Это был приземистый, плотного сложения человек с массивными плечами и шеей, сходной с дубовым стволом. Рыжие короткие волосы его перехватывала узкая лента, лицо обрамляла ухоженная борода. Камзол королевского порученца сидел на нем очень ладно, но в отличие от одеяния Беренгара ничем не был расшит.
Шел третий день приема прошений, и маргерефа, выслушав всех обитателей крепости, приступил к рассмотрению нужд крестьян. Он уже дал им дозволение выпаривать из морской воды соль и благосклонно отнесся к предложению брата Эрхбога хоронить мертвых в земле, огороженной частоколом, а не снаружи. Теперь обсуждался третий запрос.
Орманрих, подбоченившись, подался вперед, чем не напугал никого, кроме себя, хотя и вызвал среди крестьян восхищенно-взволнованные шепотки.
– Леса кишат лихими людьми, маргерефа, а ведь есть еще и датчане. Куда безопаснее рыбачить в море, а не в озерах… по крайней мере пока к каждому рыбаку не приставлен охранник. Строить лодки много дешевле, чем содержать дополнительный гарнизон.
– Но для строительства лодок нужна древесина, а у нас лишней нет, – возразил маргерефа. Очень кротко и даже ласково, словно Орманрих был ребенком. – Король Оттон, заботясь о вас, повелел, чтобы вы обнесли свою деревню сплошным частоколом. На это и так уйдет много бревен, а ведь поставку их в Гамбург отменить тоже нельзя. Скажи, откуда возьмется дополнительный лес? – Он помолчал, ожидая ответа, и, не получив его, дал знак своему капитану встать у себя за спиной. – Это Жуар. Он растолкует тебе, если потребуется, как неприятно ему становится, когда люди ставят свои мелкие выгоды выше нужд королевства. Король, бесконечно скорбя, наказывает таких – во имя дальнейшего расширения и процветания нашей великой страны.
– Это правда, – подтвердил затянутый в боевые доспехи Жуар. – Тех, кто не с королем, мы считаем врагами. И тут же бьем их. Прямо там, где находим.
– Мы королю не враги, – возразил Орманрих, на лбу которого выступили капли пота. Он поднял руку, то ли чтобы их отереть, то ли в знак бесконечной преданности правящему монарху. – Но у нас есть люди, для которых лов рыбы стал бы весьма подходящим занятием.
Ранегунда, сидевшая на дальнем конце стола, внезапно произнесла:
– Маргерефа, позволь мне предложить нечто другое. – Она видела, что тот оскорблен уже одним фактом ее вмешательства в разговор, но тем не менее решилась продолжить. – В лесу встречаются такие деревья, которые ни на что не годны – ни на частокол, ни для отправки. Они или подпорчены, или искривлены, или имеют большие наросты. Но при этом нам все равно приходится их вырубать, чтобы подступиться к нормальным деревьям. Так почему бы не разрешить этим людям делать из них что им нужно? Если они сумеют построить лодки – прекрасно. Если затея провалится, древесина не пропадет, а пойдет, например, на починку изб или на изготовление столов, скамей и кроватей. А еще у нас появятся дополнительные дрова.
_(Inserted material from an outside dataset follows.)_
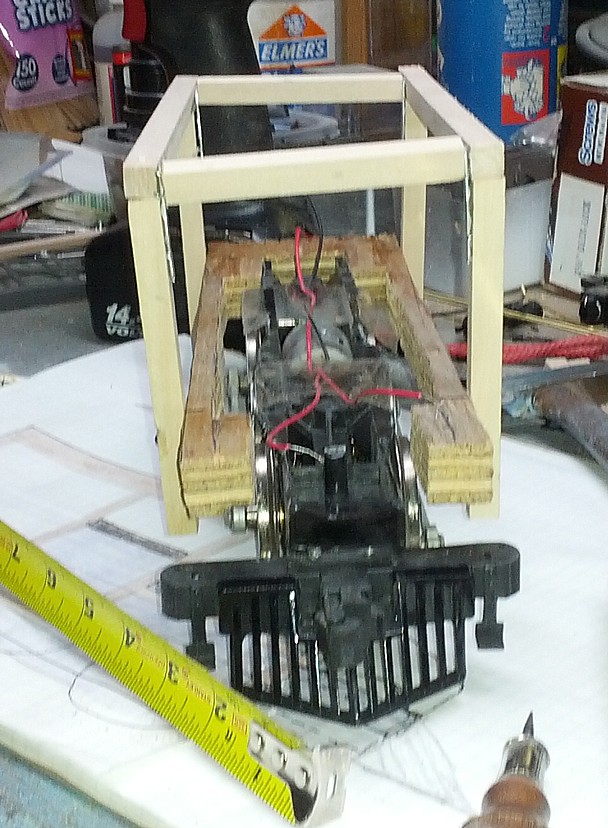 Turns out it looks OK for a 1:20.3 layout The cross bar at the top is only a spacer for the sides to keep them vertical while the glue dries. The "cab" is just placed on there for measurments and sizing too.

Было видно, что сказанное не возымело успеха, но Орманрих одобрительно закивал.
– Мы сможем мастерить и повозки, и стенные полки, и ящики для хранения овощей. Нам также нужны изгороди вокруг полей и загоны. В конце концов, солеварню тоже надобно строить.
– В таком случае зачем вообще тратить время на лодки? – Маргерефа взглянул на сидящего рядом монаха: – А ты что думаешь, брат Андах? Кажется ли тебе тут что-либо разумным?
Монах задумчиво потянул себя за бороду.
– Не подобает людям пребывать в праздности, даже страдающим от увечий. В этом смысле староста прав. Но и вы правы, ставя желания короля выше всех остальных, кроме небесных. – Он постучал пером по столу, длинные пальцы его походили на прутья. – Спросите совета у Христа, маргерефа, и поступите так, как вам будет внушено свыше.
Маргерефа Элрих, насупившись, поджал губы.
– Прекрасно, – вымолвил он наконец. – Сегодня вечером я это сделаю. – Перекрестившись, королевский уполномоченный глянул на Орманриха. – Завтра к полудню ты получишь ответ на свой вопрос. Надеюсь, ты с ним согласишься, каким бы он ни был.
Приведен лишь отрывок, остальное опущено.